Portable à l’école : et si l’on commençait par soigner les parents ?
C’est, à en croire les médias, la mesure phare de cette rentrée : l’interdiction du portable dans les enceintes scolaires, à l’école, au collège et au lycée. Cela pendant les cours – à moins que l’enseignant n’en fasse la demande – et pendant les récréations. Une fois la porte franchie, débrouillez-vous avec votre addiction.
Question : en quoi cela est-il une nouveauté, car il semblerait que la grande majorité des établissements aient pris les devants via leur règlement intérieur. De là à imaginer que celui-ci est respecté, il y a certes un grand pas que je crains infranchissable pour mes petites jambes. A priori, donc, la seule mesure restrictive est l’interdiction du portable dans les cours de récréation. Le ministre Blanquer veut que les petits enfants jouent au chat plutôt qu’à Snapchat et qu’ils découvrent les joies du foot plutôt que les stars du porno.

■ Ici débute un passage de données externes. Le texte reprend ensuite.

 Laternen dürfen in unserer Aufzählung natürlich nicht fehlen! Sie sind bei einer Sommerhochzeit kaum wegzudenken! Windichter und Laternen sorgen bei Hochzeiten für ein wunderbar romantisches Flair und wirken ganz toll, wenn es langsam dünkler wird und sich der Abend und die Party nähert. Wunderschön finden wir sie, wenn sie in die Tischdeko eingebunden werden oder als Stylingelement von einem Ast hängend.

À ce stade, d’autres questions surgissent :
– Les enfants sont-ils responsables de leur (éventuelle) addiction ?
– Ne faut-il pas commencer par soigner les parents ?
– Jusqu’à quel point nos sociétés qui appuient en permanence sur la pédale anxiogène et sa voisine la pédale consumériste sont-elles responsables de ces comportements addictifs ?

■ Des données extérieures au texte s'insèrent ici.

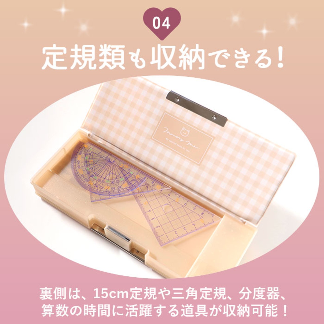 ・ウラ側の扉には、15cm定規や三角定規、分度器など算数の時間に活躍する道具がすっきり収納可能。
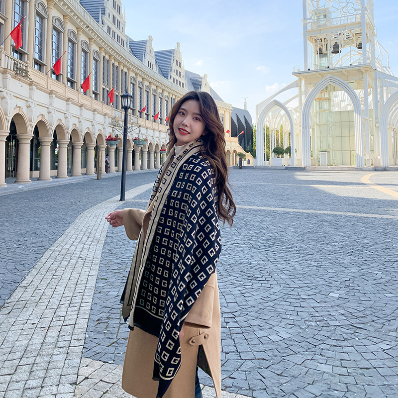 G字母时尚 韩版 百搭仿羊绒保暖大披肩围脖潮 2025新款 围巾女秋冬季

Bref, n’est-il pas déjà trop tard ?
La loi qui entre en vigueur ce jour de rentrée a été votée par le Parlement le 30 juillet dernier. Les députés y ont souscrit en masse. Après tout, l’ancienne instruction publique ayant depuis 86 ans (merci Edouard Herriot) l’ambition d’apporter à chacun "l’éducation" nationale, il serait bien normal qu’elle se chargeât de régler pour eux ce problème d’addiction aux écrans. Question subsidiaire : les députés ont-ils réellement le soutien des parents ?
Pas si sûr. La fracture, là encore, est générationnelle. Les vieux barbons dans mon genre, jeunes ados en 68, ricanent. Ainsi voilà les petits-enfants des "libertaires", ceux qui rêvaient d’interdire d’interdire, qui, eux, ne rêvent que d’une chose : attacher leurs gosses par un fil à la patte. Le GPS dans la poche, le traceur dans le cartable, la puce dans l’ourlet du manteau ou la couture du pantalon. Ce n’est plus « Maman, j’ai peur ! » mais maman a peur.

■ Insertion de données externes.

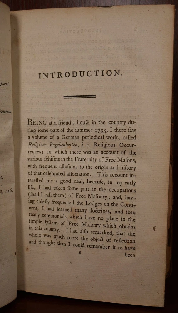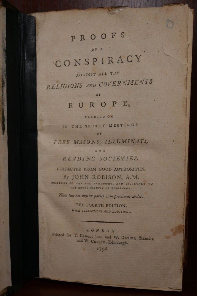 Proofs of a Conspiracy Against All the Religions and Governments of Europe, Carried on in the Secret Meetings of Free Masons, Illuminati, and Reading Societies Author: John Robison Title: Proofs of a Conspiracy Against All the Religions and Governments of Europe, Carried on in the Secret Meetings of Free Masons, Illuminati, and Reading Societies Publication: London: T. Cadell and W. Davies, 1798 Edition: Fourth Edition Description: The fourth edition, as stated on the title page. Book measures approximately 8.5" x 5.25", with 587 numbered pages. The book is in fair condition. Binding is very worn and the spine has an old amateur tape repair holding the rear board - which would otherwise be seperated. Interestingly, the front board is marbled, and the rear board is leather so this must be a married binding. Front hinge with a tape repair that extends onto the title page. Title page is torn at the edges. The remainder of the textblock is very well preserved. Please view the many other rare titles available for purchase at our store. We are always interested in purchasing individual or collections of fine books. Inventory # (P5-3). Seller ID: 7096 Subject: History , Reference/Textbooks Ernestoic Books Terms All orders ship within two business days. Standard mail is USPS Media Mail. Expedited and international shipping are also available. We offer combined shipping on multiple orders. All items are guaranteed to be as described or they may be returned within 30 days of receipt for a full refund. This listing was created by Bibliopolis.

« L’époque est dangereuse ! Je veux savoir à chaque instant où est mon enfant ! » crient les parents, tétanisés par la peur des pédophiles et des racailles. Objectivement, depuis que l’État s’est transformé en big Mother qui croit devoir nous dire quand et ce qu’il faut boire et manger, ouvrir son parapluie, mettre son cache-nez, pisser dans le bocal, surveiller son cholestérol, compter ses pas et son rythme cardiaque, la déresponsabilisation est à la mesure du trouillomètre.
Et tout cela, bien sûr, fait l’affaire des marchands de boîtes magiques… Il n’aura en effet échappé à personne que la plupart des parents de tous ces enfants d’âge scolaire sont eux-mêmes totalement accros au portable. C’est intéressant d’observer les familles en vacances, au restaurant par exemple, ou sur le bateau qui fait le tour de la rade comme ce dimanche : cinq personnes, et pas une qui lève le nez de son écran : la mère filmant le paysage sur son smartphone, les deux filles chacune sur le leur, le père et le fils plongés dans un jeu vidéo. Il n’y a de réalité QUE virtuelle ! Leurs vacances n’existeront que transfigurées sur les réseaux sociaux. La mer dans le dos pour un selfie.
Parfois, souvent même, je me demande comment nous avons pu survivre jusqu’à ce jour ! Comment avons-nous pu faire du patin à roulettes sans genouillères, du vélo sans casque, aller et revenir seul de l’école, acheter le pain à deux rues de la maison, faire des glissades en hiver, traverser l’été sans écran total et messages alarmistes sur la canicule, manger des fruits et des légumes sans les compter, boire un coup pour le plaisir… cela même, je le confesse, en étant enceinte… Ouhhhh, la vilaine !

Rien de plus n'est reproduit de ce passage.